■ Exercise description:
Could you return each line from the one bearing "Niestety, samochód osobowy" through the last line of the entries, exactly as it stands, with no pictures?

[Records from a data source]
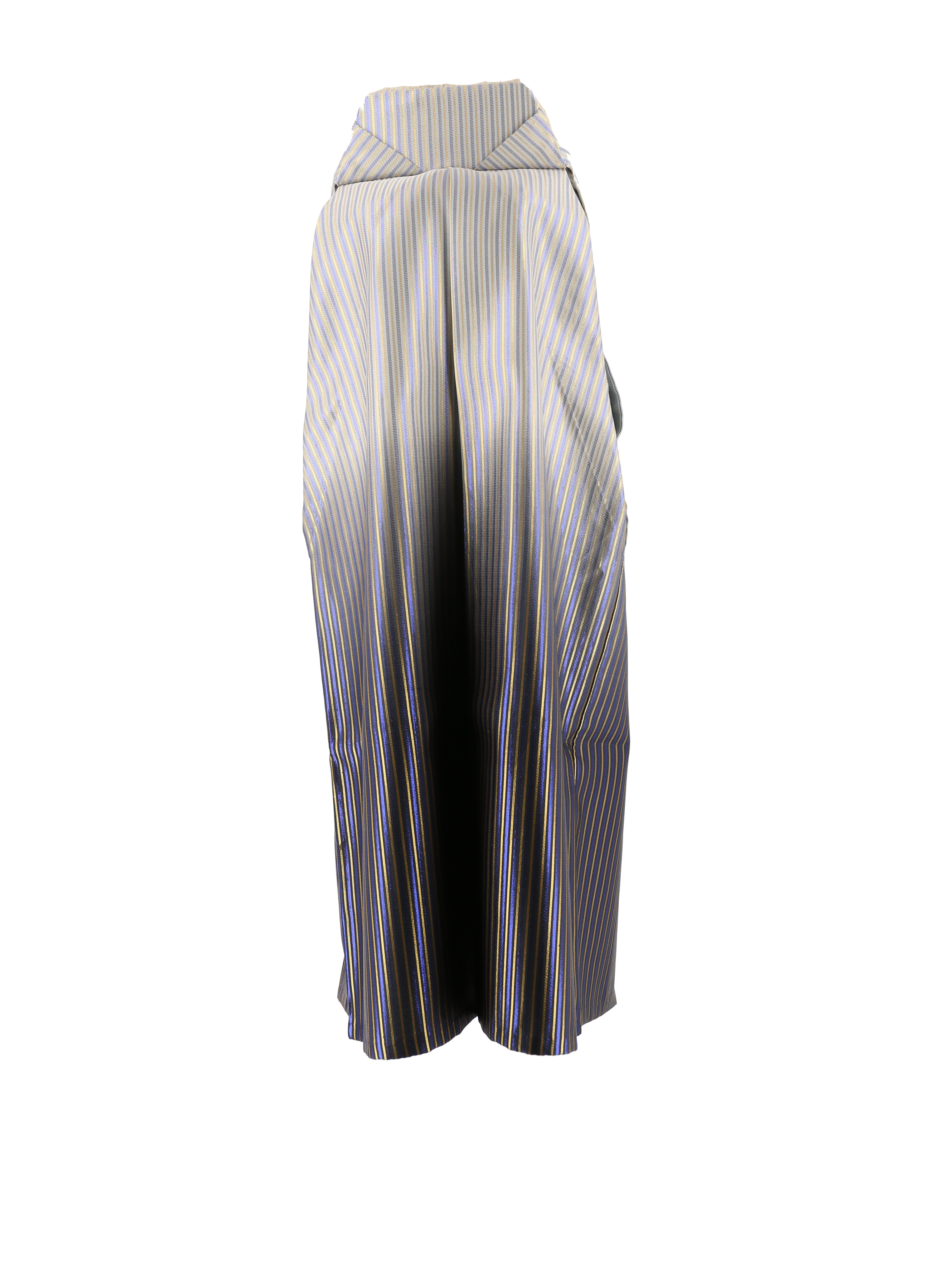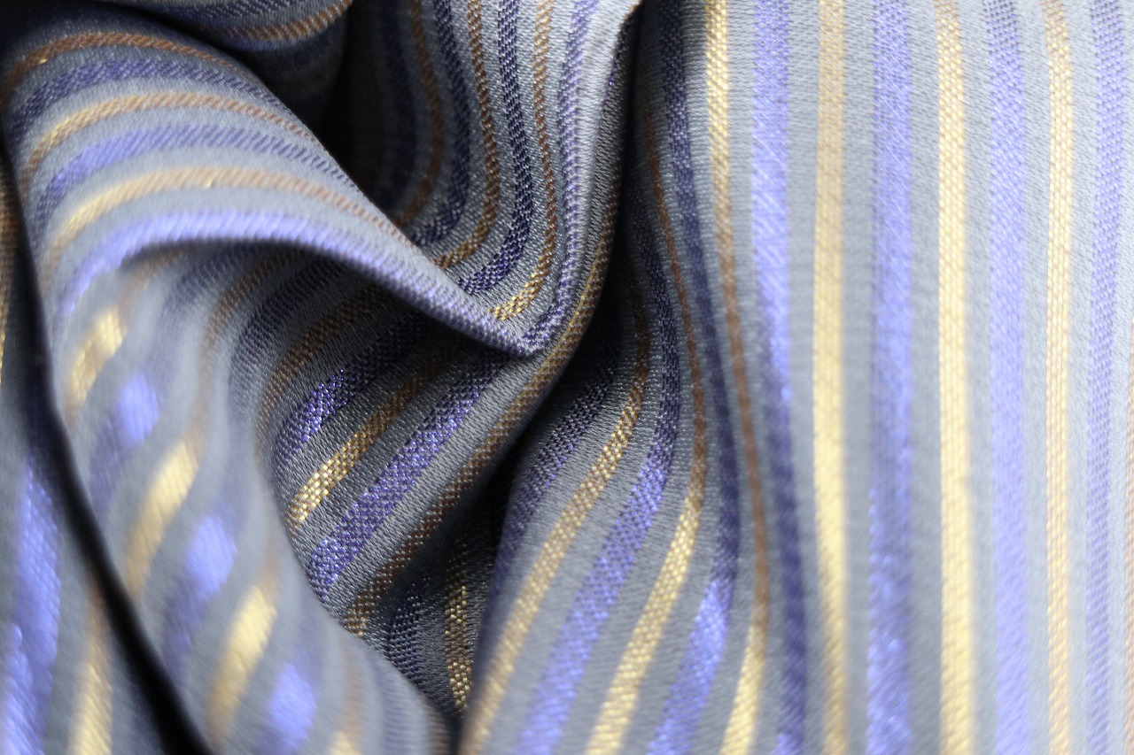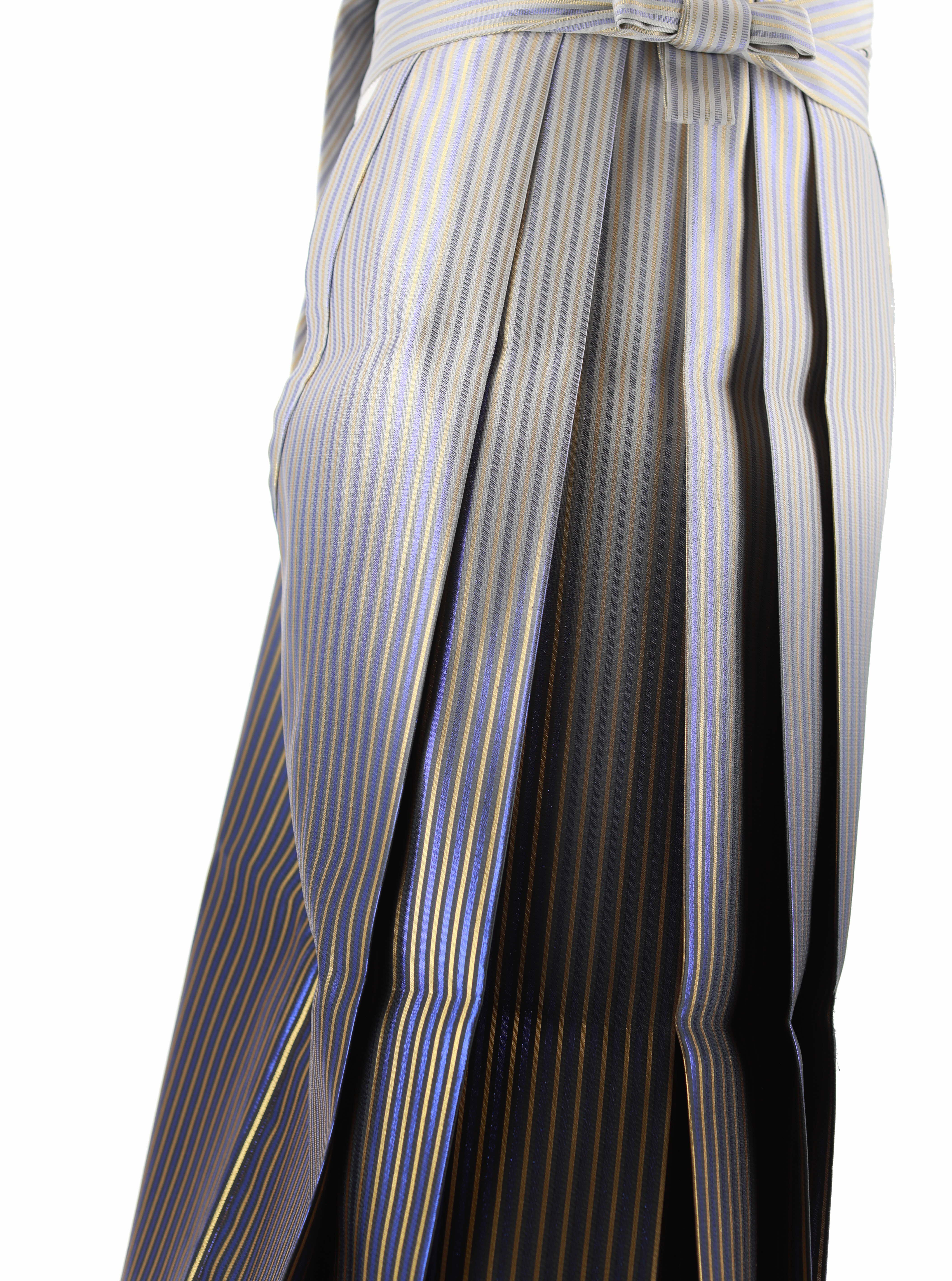 白から濃い青紫色に変わるグラデーション地に、ゴールドと紫のストライプが織られた男性用袴。
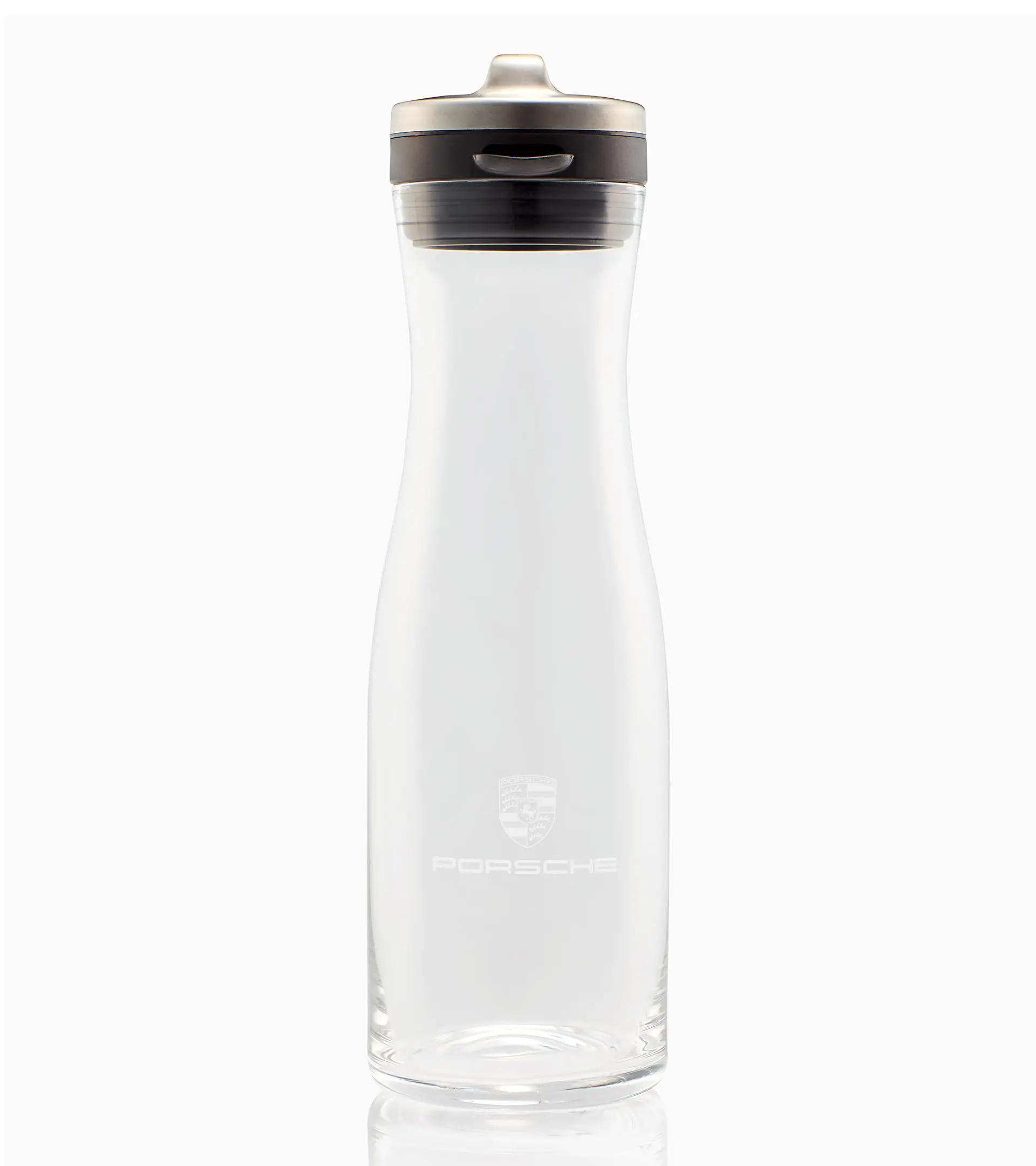 Carafe en verre avec écusson Porsche monochrome.
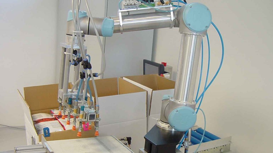畜牧業(yè)生殖技術(shù)系統(tǒng)先進(jìn)供應(yīng)商 Minitüb一直在尋找標(biāo)準(zhǔn)化、自動化的封裝解決方案。手工勞動重復(fù)而單調(diào),而且無法以恒定的速度進(jìn)行。其采用了輕型六軸 UR5 機(jī)械臂,不僅能夠以恒定的速度封裝袋子,還極少需要維護(hù)。
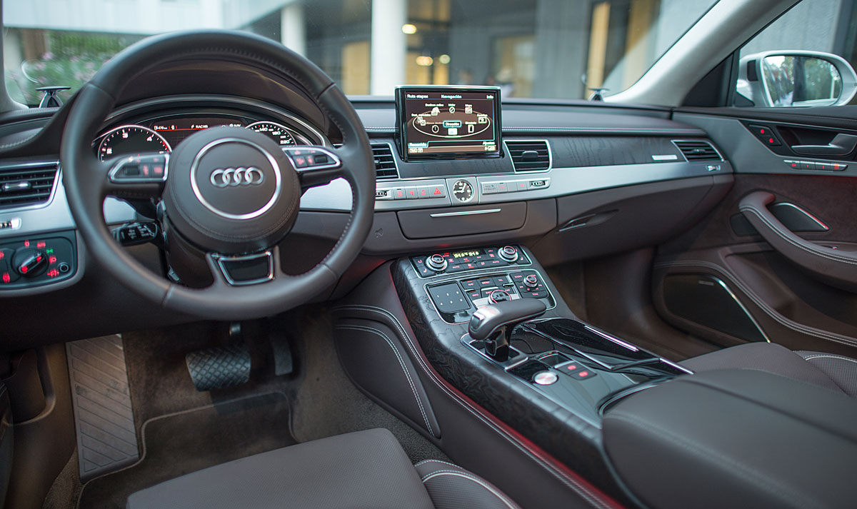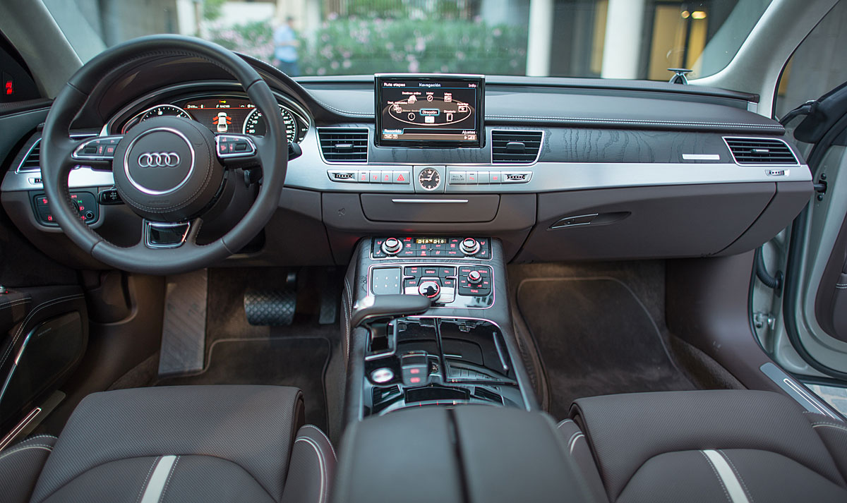 Cuando abres la puerta del A8, te das cuenta de que en el mercado hay muchos coches, y después están los Audi. La sobriedad, el lujo, la elegancia y la tecnología se aúnan en un interior repleto de infinitos detalles que nos recuerdan en todo momento porque este coche se ha convertido en el estandarte de una marca como Audi. El paquete Audi Design Selection, que pudimos ver en esta unidad, incluye elementos que le dan un toque artesanal al interior, como se merece, entre los que encontramos la tapicería de Cuero Valcona, el volante de piel, el techo revestido de alcántara o las maderas de fresno combinadas con el aluminio cepillado.
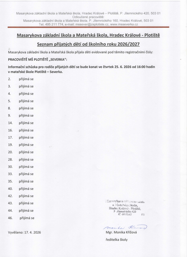 SEZNAM PŘIJATÝCH REGISTRAČNÍCH ČÍSEL
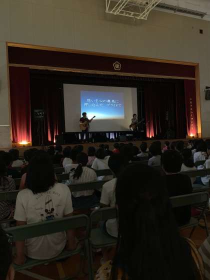 7月9日(火)に山之内小学校で大和川中学校・山之内小学校・遠里小野小学校の三校合同のPTA人権教育講演会が開催されました。講師は『ちめいど』という兄弟二人のデュオで“今を生きるひとりひとりが名主役”〜ひとりを大切にすれば夢は叶う〜というタイトルでした。PTAの活動ですが、この講演会に、遠里小野小学校の6年生が招待を受けて、山之内小学校の6年生と一緒に参加させていただきました。映像を駆使したライブで、生きることの素晴らしさ、生命の大切さを感じることができる感動的な講演会でした。6年生の子どもたちもきっと心に響いたことと思います。また山之内小学校の子どもたちと同じ場所で同じ感動を味わうことができたのはよい経験になりました。
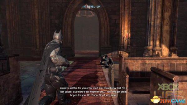 请进入前方有栅栏的那道闸门,一路通过处刑室来到教堂,阿蝙朝思暮想的小丑就在那里等着。
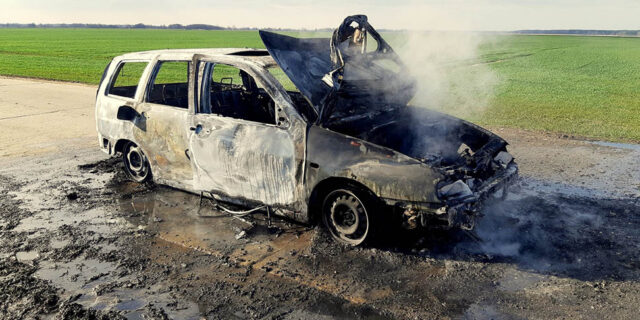 Niestety, samochód osobowy spłonął doszczętnie. Przyczynę pożaru będą ustalać policjanci.
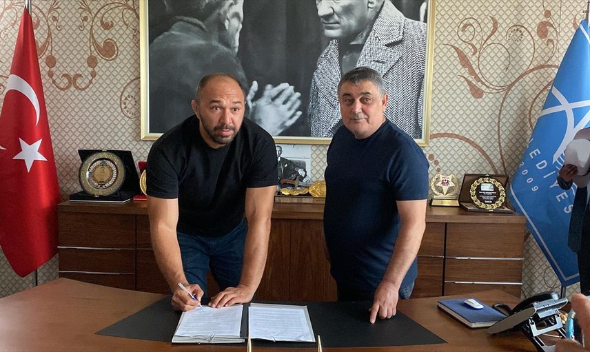 Tarihi Kırkpınar Yağlı Güreşleri'nde 4 kez altın kemer kazanan başpehlivan Ali Gürbüz, Antalya'nın Aksu Belediyesi ile sözleşme imzaladı. Başkanlık makamında düzenlenen törende yeni sezon için Aksu Belediye Başkanı İsa Yıldırım (sağda) ile Ali Gürbüz (solda) sözleşmeye imza attı.
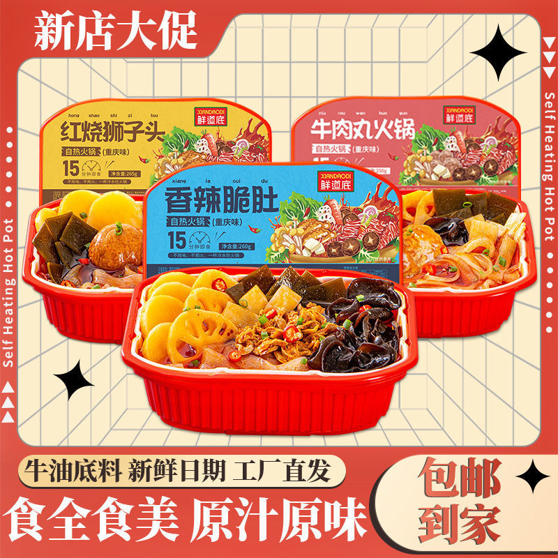 自嗨锅鲜道底自热小火锅懒人家用麻辣单人酸辣粉夜宵煮方便速食

■ Result for this exercise:
 Niestety, samochód osobowy spłonął doszczętnie. Przyczynę pożaru będą ustalać policjanci.
 Tarihi Kırkpınar Yağlı Güreşleri'nde 4 kez altın kemer kazanan başpehlivan Ali Gürbüz, Antalya'nın Aksu Belediyesi ile sözleşme imzaladı. Başkanlık makamında düzenlenen törende yeni sezon için Aksu Belediye Başkanı İsa Yıldırım (sağda) ile Ali Gürbüz (solda) sözleşmeye imza attı.
 自嗨锅鲜道底自热小火锅懒人家用麻辣单人酸辣粉夜宵煮方便速食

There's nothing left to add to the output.